The following C# functions now support searching
in forward or reverse chronological order:
Astronomy.SearchRiseSet
Astronomy.SearchAltitude
Astronomy.SearchHourAngle
Also fixed places where I forgot to update documentation
for the corresponding changes to the C code.
The following C functions now support searching
in forward or reverse chronological order:
Astronomy_SearchRiseSet
Astronomy_SearchAltitude
Astronomy_SearchHourAngleEx
The function Astronomy_SearchHourAngleEx replaces
Astronomy_SearchHourAngle, adding a new `direction` parameter.
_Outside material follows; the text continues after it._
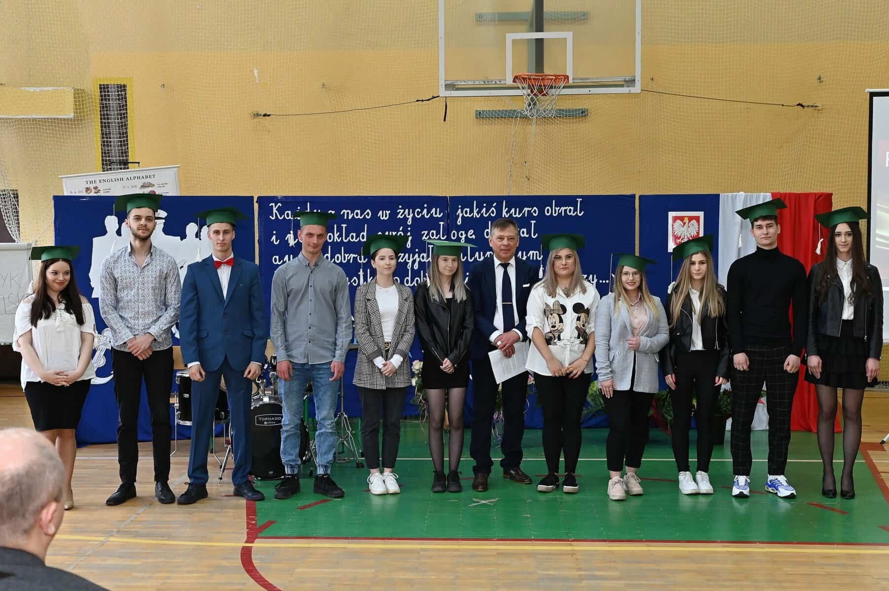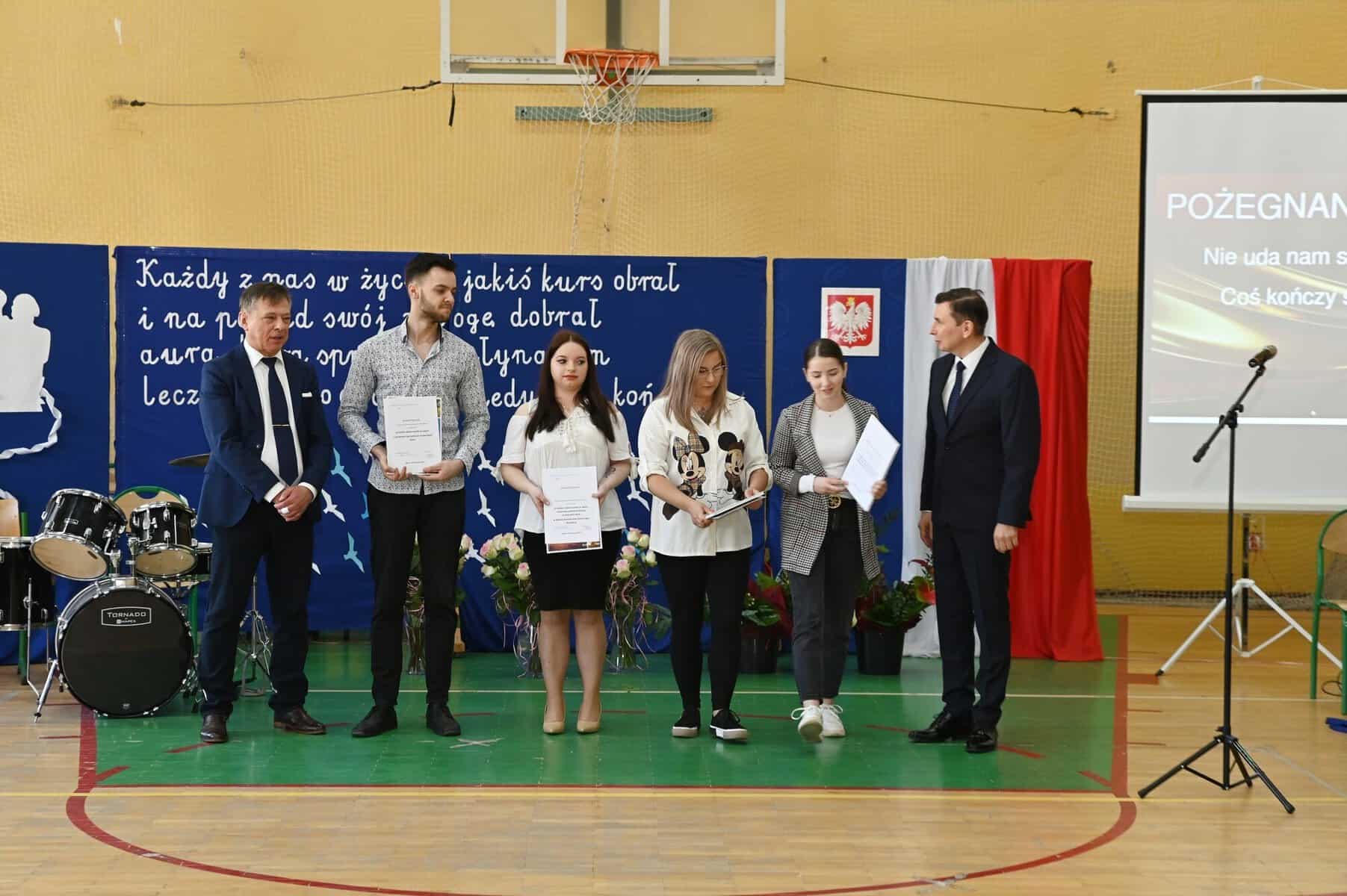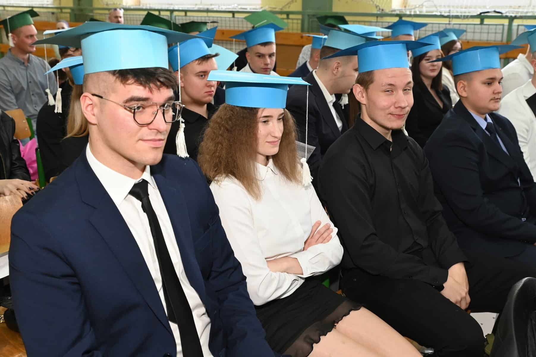 Świadectwa ukończenia szkoły średniej odebrali w piątek, 26 kwietnia, uczniowie klas: 5 Tap – technik logistyk, (wych. Brygida Stasiak), 5 Tbp – technik logistyk/technik budownictwa (wych. Iwona Skrzypkowska) i Liceum Ogólnokształcącego dla dorosłych (opiekun Arkadiusz Miśkiewicz).
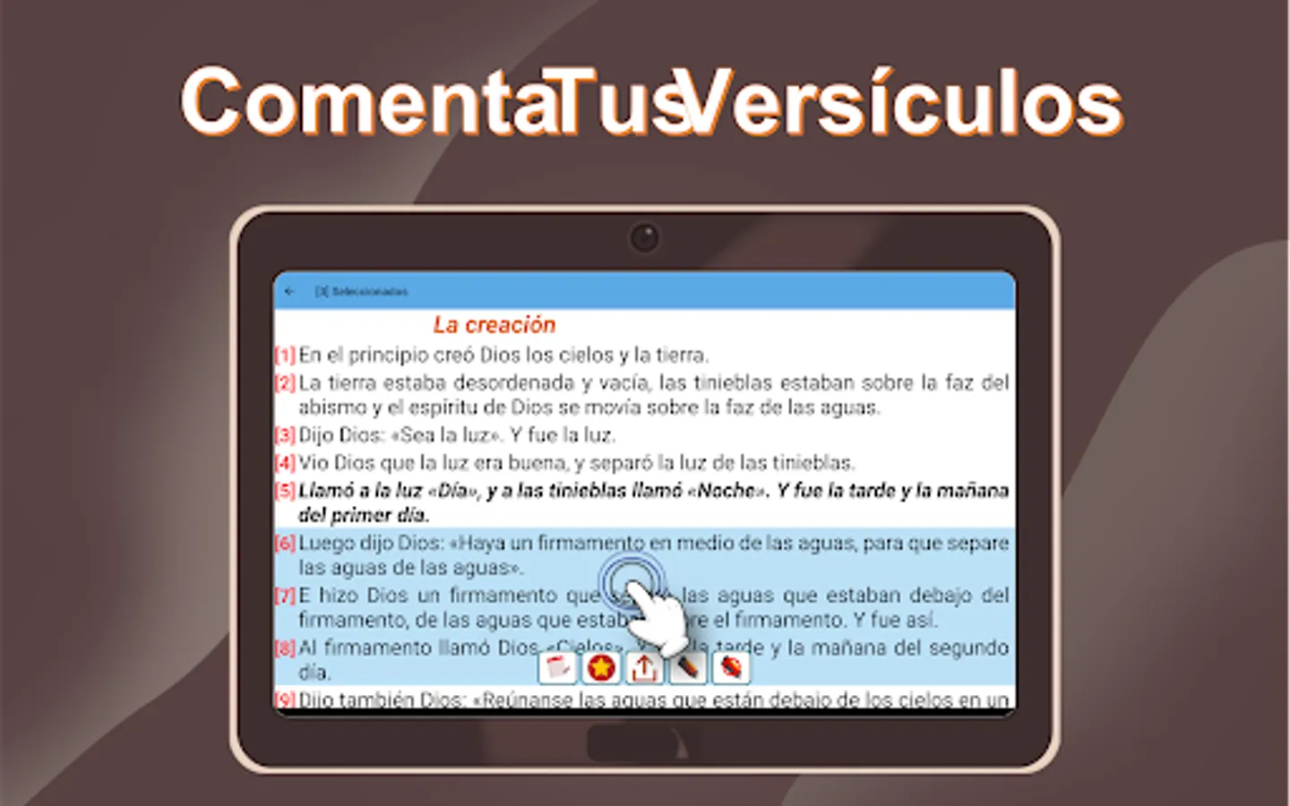 You can select one or several verses of a chapter and mark as a favorite, you can also share the verses with your friends on different social networks.

A #define for Astronomy_SearchHourAngle preserves backward
compatibility for older code.
Implementation notes:
Astronomy_SearchRiseSet and Astronomy_SearchAltitude used
to call a private function InternalSearchAltitude.
That function has been split into two functions:
BackwardSearchAltitude and ForwardSearchAltitude,
for searching both directions in time.
Fixed a bug where it was possible to report a successful
altitude event that went outside the time limit specified
by `limitDays`.
The quadratic interpolator used by `Search` was returning
an unused output: `x`. Search does not need this dimensionless
value; it only cares about the time solution `t` and the slope
of the function at `t`. Removed `x` from the return value
to make slightly smaller/faster code.